WHAT TO WORK ON – Omit the images, then repeat the listing exactly.

DATA EXCERPT –
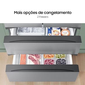 Gavetas Easy Slide para facilitar o acesso aos seus alimentos.Prateleiras ajustáveis e removíveis para personalizar o espaço interno.Gaveta Fresh Zone para manter frutas e legumes frescos por mais tempo.
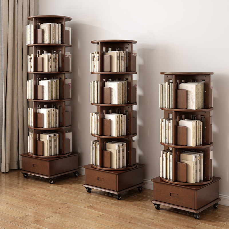 旋转书架360度书柜实木儿童移动带轮客厅网红卧室创意转角置物架
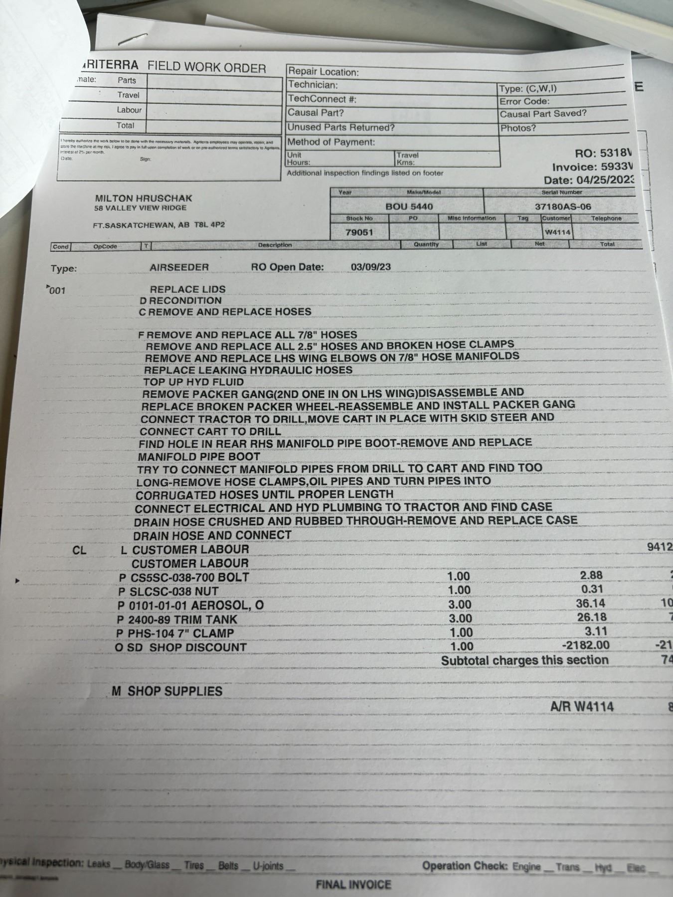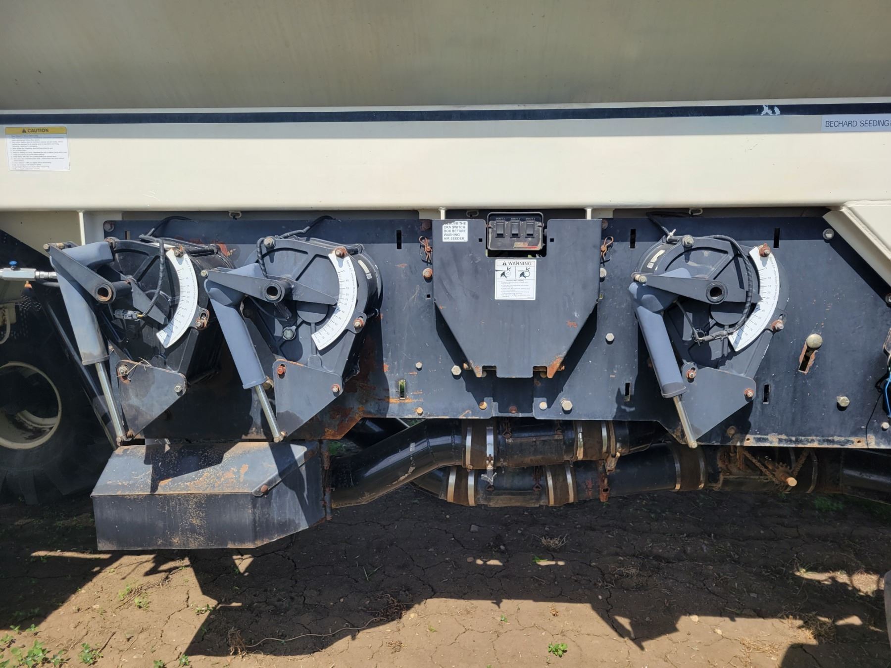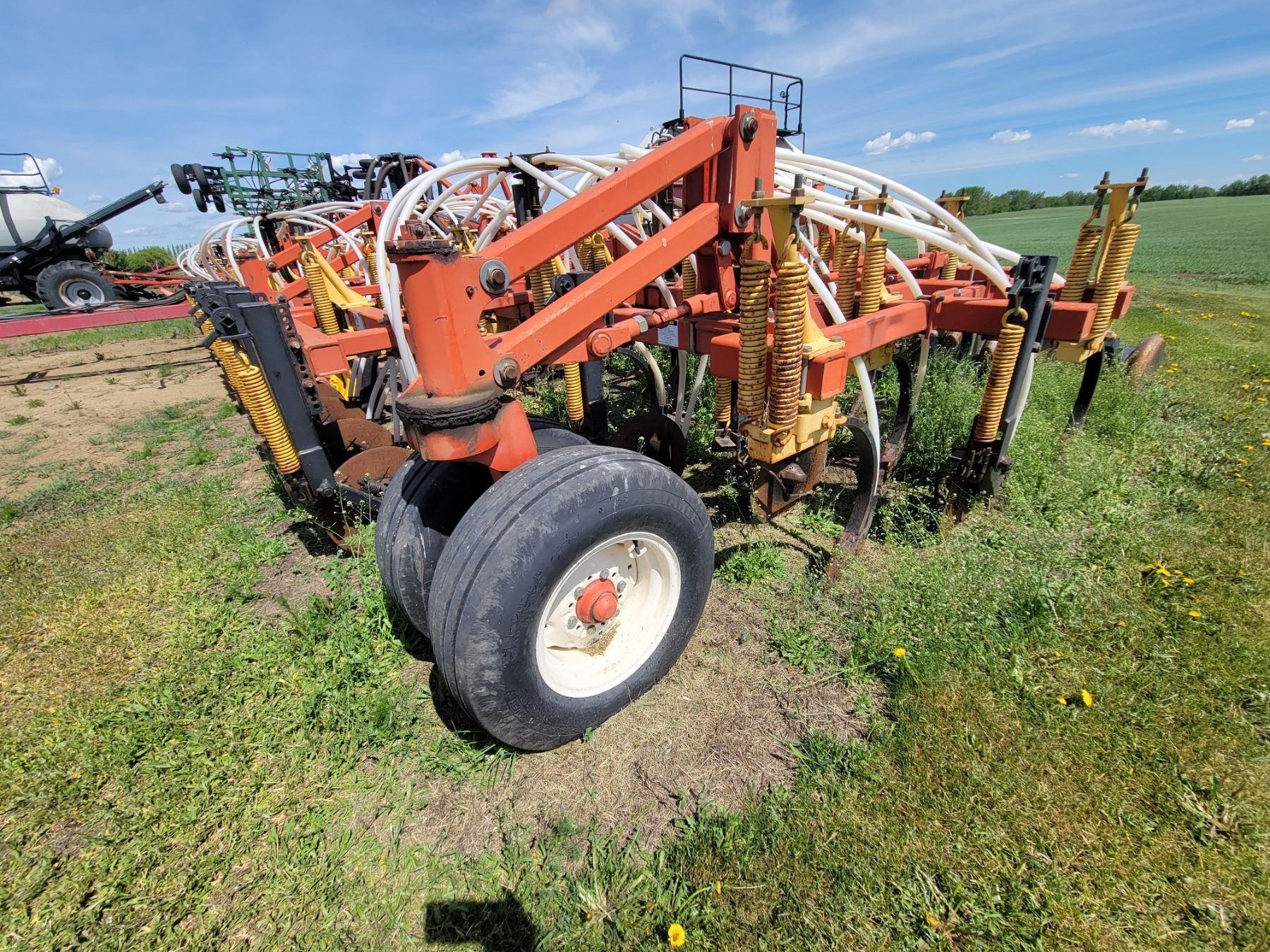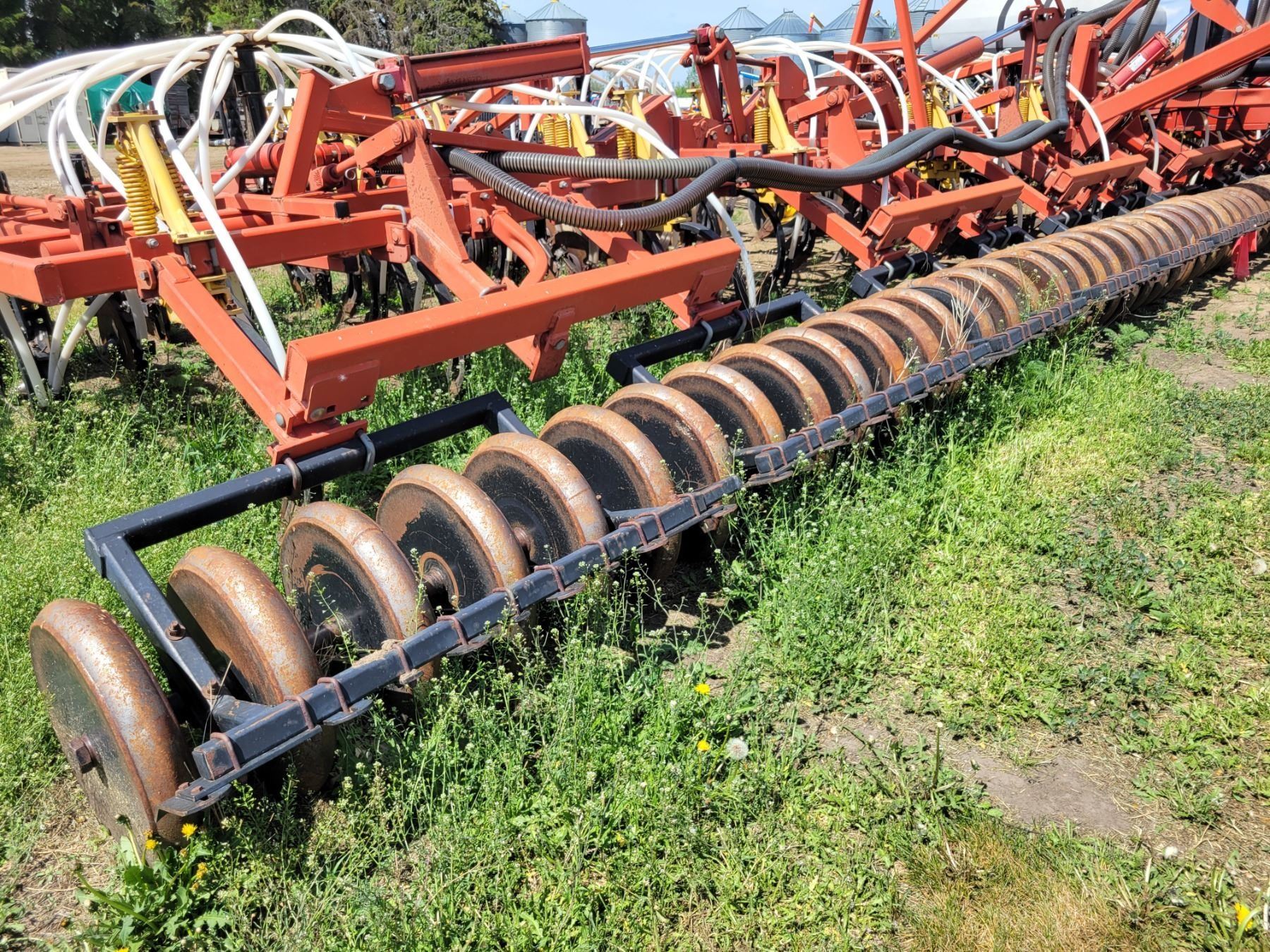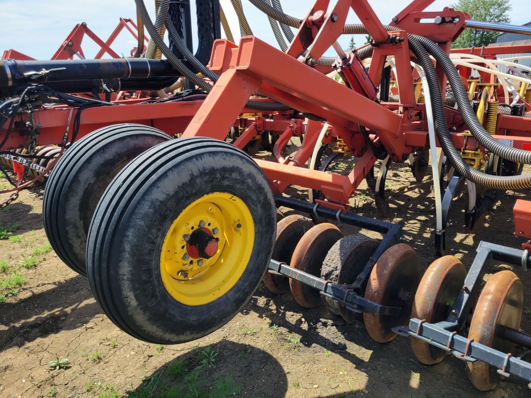 62' Bourgault 5710 Air Drill, serial 37182AH-02, approx. 10" spacing, mid row banders, double shoot, solid packers c/w 5440 3- comp. Tank. New Drive Clutch. This was purchased at the Hruschak Estate Sale, July 8th 2025 & never used since. It had a $31,000 work order in 2023 at Wask. Motors. Ph Neil (780) 512-8300. Located North of Radway

PROBLEM SOLUTION –
 Gavetas Easy Slide para facilitar o acesso aos seus alimentos.Prateleiras ajustáveis e removíveis para personalizar o espaço interno.Gaveta Fresh Zone para manter frutas e legumes frescos por mais tempo.
 旋转书架360度书柜实木儿童移动带轮客厅网红卧室创意转角置物架
 62' Bourgault 5710 Air Drill, serial 37182AH-02, approx. 10" spacing, mid row banders, double shoot, solid packers c/w 5440 3- comp. Tank. New Drive Clutch. This was purchased at the Hruschak Estate Sale, July 8th 2025 & never used since. It had a $31,000 work order in 2023 at Wask. Motors. Ph Neil (780) 512-8300. Located North of Radway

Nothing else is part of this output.